17. NO WAIVER; MODIFICATIONS AND SEVERABILITY: The failure of either party at any time to require performance by the other party of any provision of this Purchase Order shall in no way affect that party's right to enforce such provisions, nor shall the waiver by either party of any breach of any provision of this Purchase Order be taken or held to be a waiver of any further breach of the same provision. The terms and conditions of this Purchase Order, and any attachments hereto signed by the parties, constitute the entire agreement between the parties, and any modification of this Purchase Order shall be in writing and signed by both parties. It is expressly understood by Supplier that no substitutions or excess quantities of materials or increase in the price of any portion of the Work will be allowed without the prior written consent of Ryder. The receipt by Ryder of any quotation form,
sales confirmation or other document from Supplier shall not, in the absence of a written acknowledgment by Ryder expressly agreeing to the same, change in any manner or add to the terms and conditions hereof.

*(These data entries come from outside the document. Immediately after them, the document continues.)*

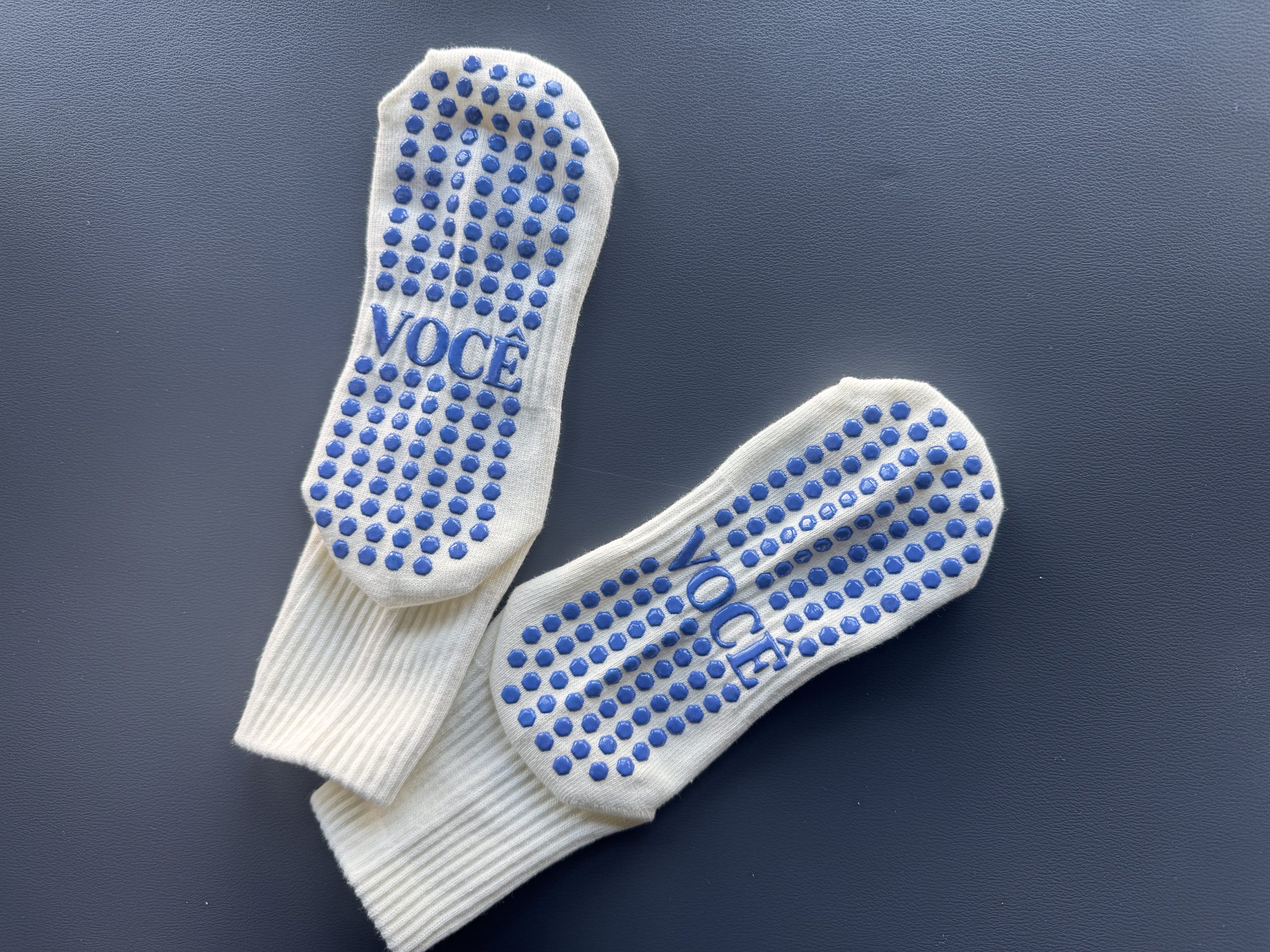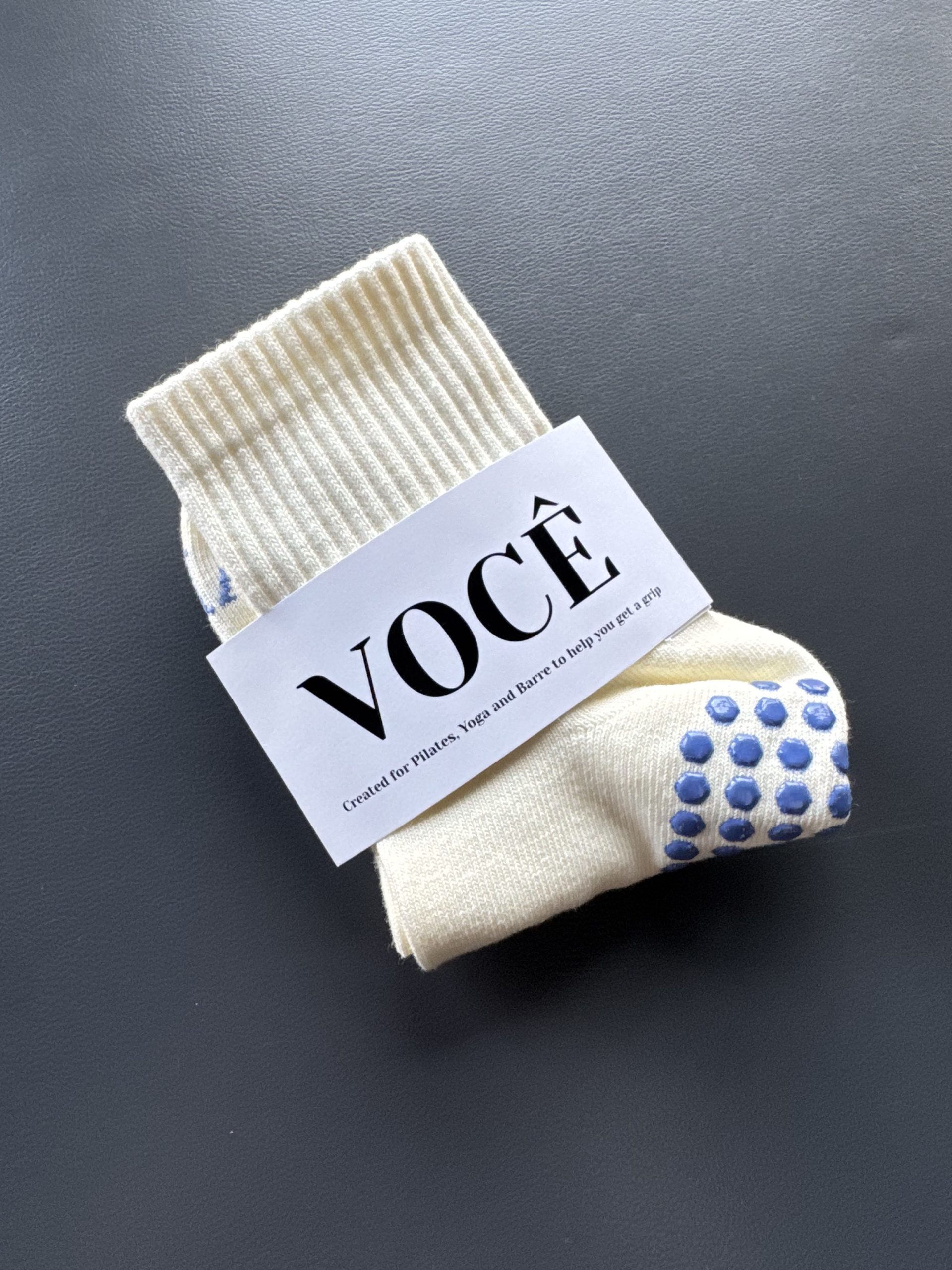 A soft buttermilk cream base meets vibrant blue detailing, with INHALE on one foot and EXHALE on the other, designed to guide your movement and bring you back to your breath. Finished with our signature VOCÊ blue grip sole for maximum stability and control.
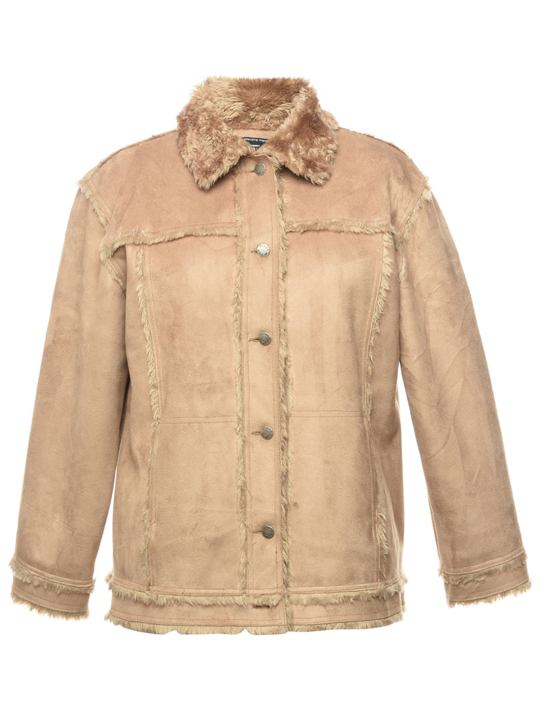 Vintage Brown Faux Fur Lined Coat - XL
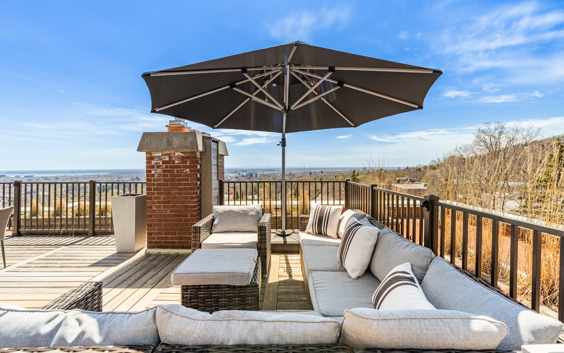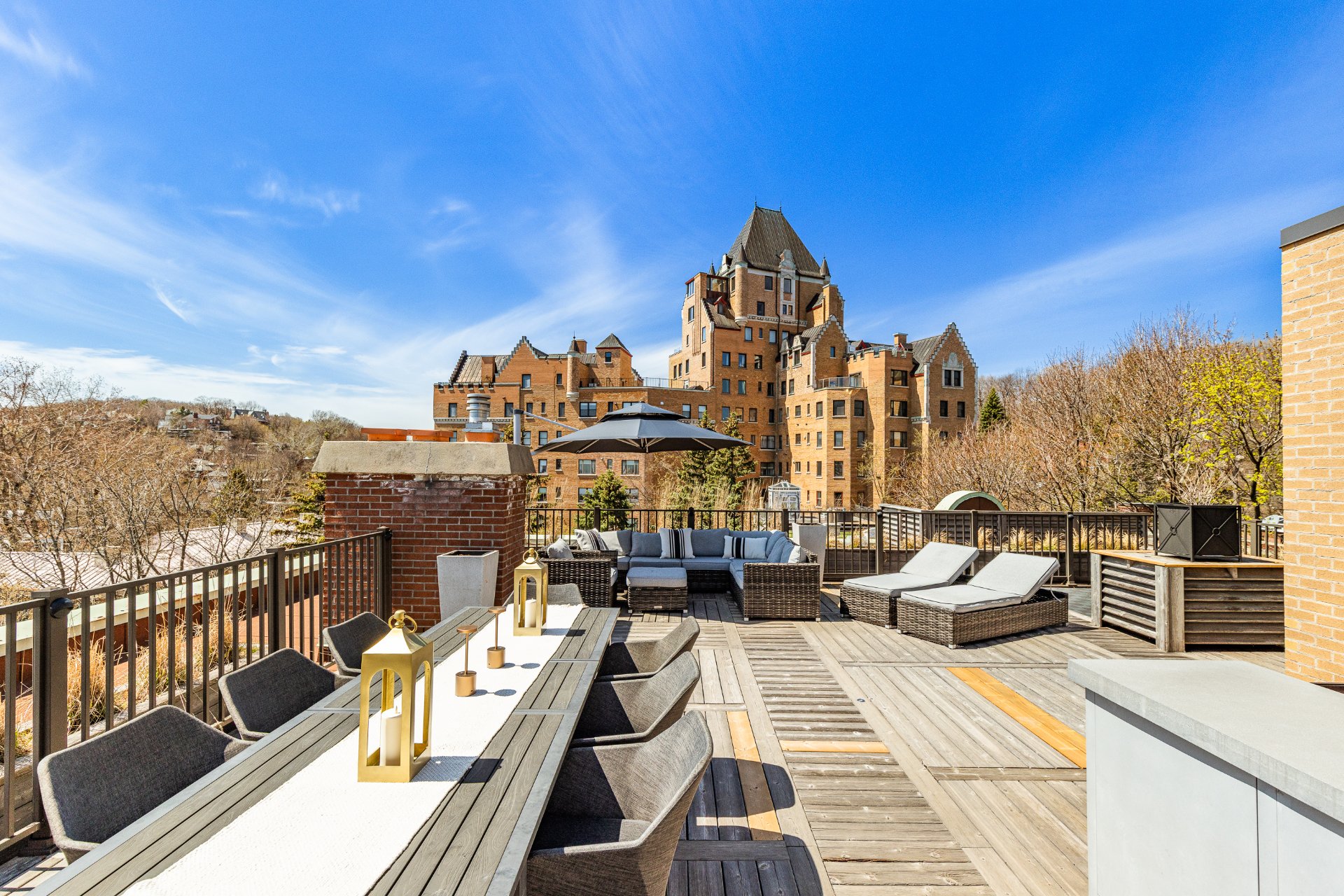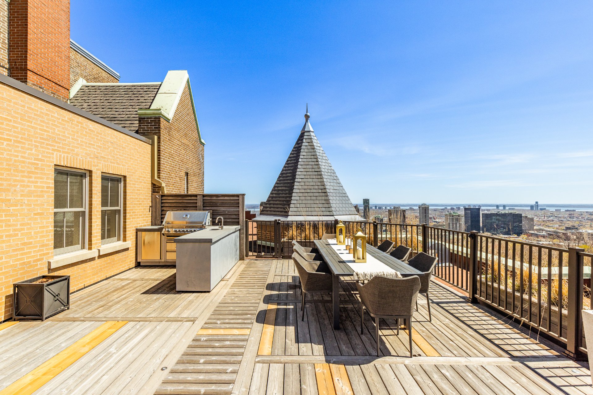+ Spectacular private rooftop terrace featuring distinct lounging and dining areas, outdoor kitchen, and panoramic views
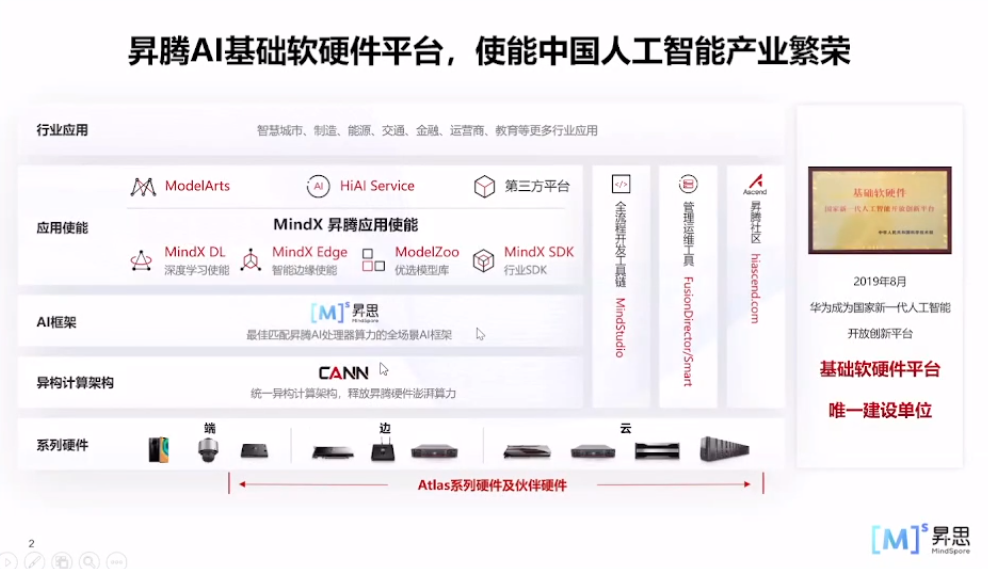 昇腾AI基础软硬件平台包含华为Atlas系列硬件及伙伴自有品牌硬件、异构计算架构CANN、全场景AI框架昇思MindSpore、昇腾应用使能MindX和一站式开发平台ModelArts等。异腾AI基础软硬件平台,使能中国人工智能产业繁荣。
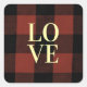 Sticker Carré Amour cosy : Rouge et Noir Plaid Flannel Design
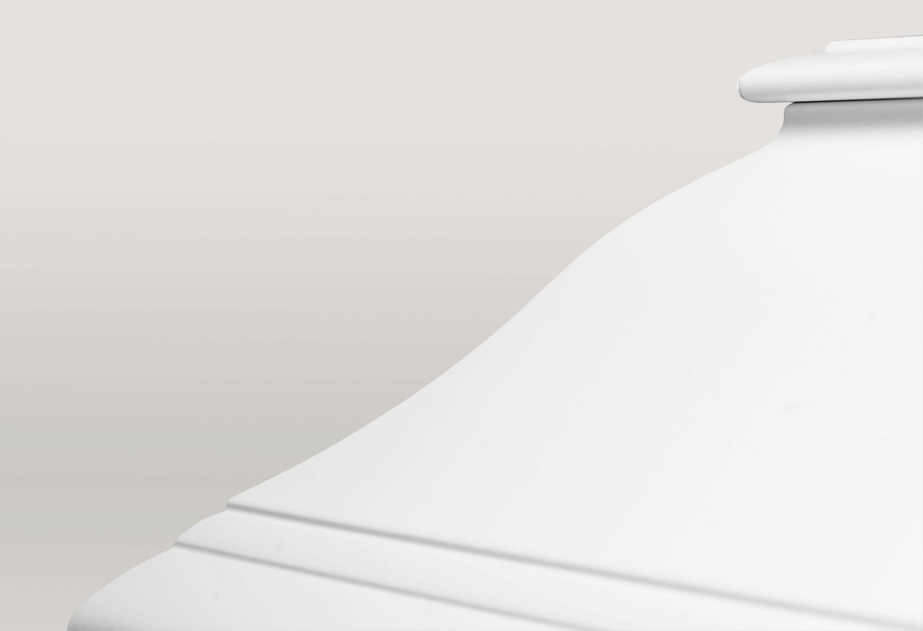 Vitlackad kista med vackert handmålat motiv av blåklocka. Inredning bestående av av kudde och täcke med överlakansflik i linnekvalitet. Madrass i nonwoven-textil. Lock- och sidoklädsel i bomullstyg.
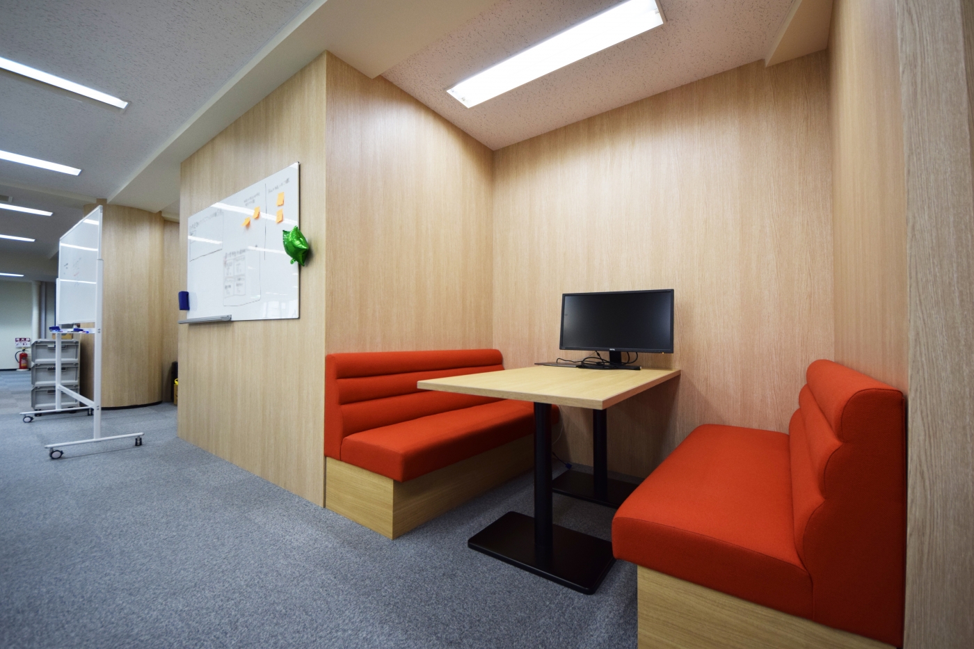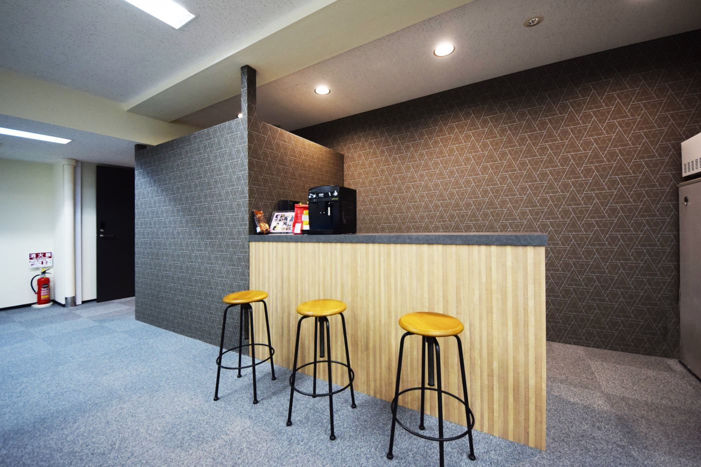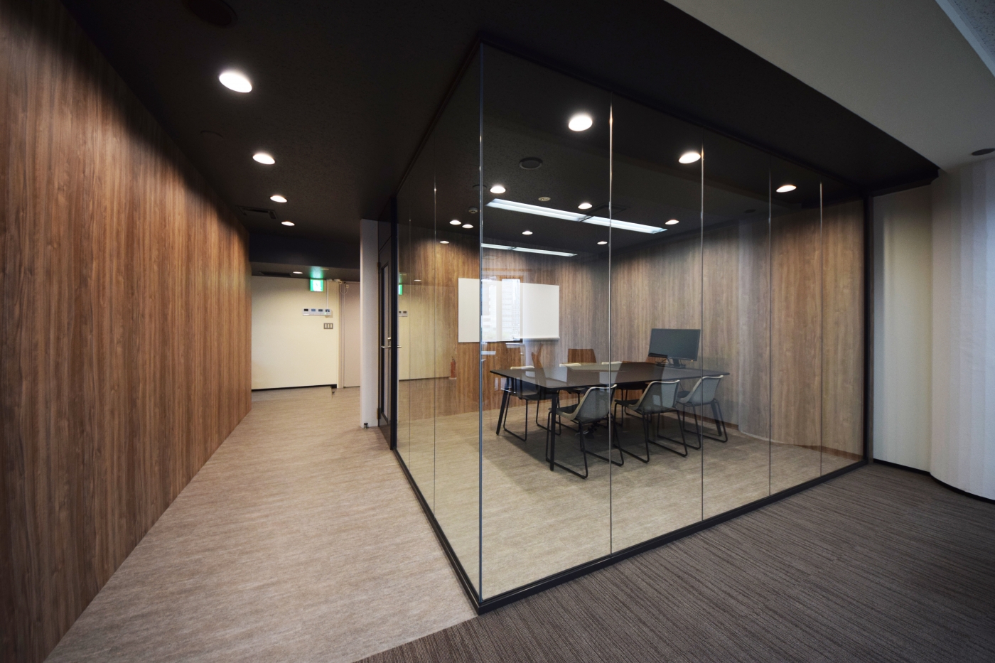 エントランスに存在感のあるサインと間接照明を走らせることで、スタイリッシュな存在感を演出しております。空間を広く見せるため壁面にはミラーを設置し、奥行きのある空間構成となりました。会議室はガラス壁面にすることで広さを感じられる、開放的な空間になっております。オフィス中央のスペースにはドライパントリーを設置することで、自然と社員の皆様が集まり、交流できるようレイアウト致しました。造作ソファでは貼地をコーポレートカラーに合わせることで、企業ブランディングを図っています。

If any one provision of these terms is determined by a court of competent jurisdiction to be in violation of applicable law, such term shall be of no force and effect to the extent of such violation without otherwise invalidating the other terms herein.
18. EQUAL OPPORTUNITY AND AFFIRMATIVE ACTION: Provider and Ryder both affirmatively state that they are equal opportunity employers and recognize the commitment of the other in this area. Contractor and subcontractor shall abide by the requirements of 41 CFR Part 60-1-.4(a), 60-300.5(a) and 60-741.5(a). These regulations prohibit discrimination against qualified individuals based on their status as protected veterans or individuals with disabilities, and prohibit discrimination against all individuals based on their race, color, religion, sex, sexual orientation, gender identity, or national origin. Moreover, these regulations require the covered prime contractors and subcontractors take affirmative action to employ and advance in employment individuals without regard to race, color, religion, sex, sexual orientation, gender identity, national origin, protected veteran status or disability. Failure to abide by this paragraph will be treated as a breach of the terms of this Agreement.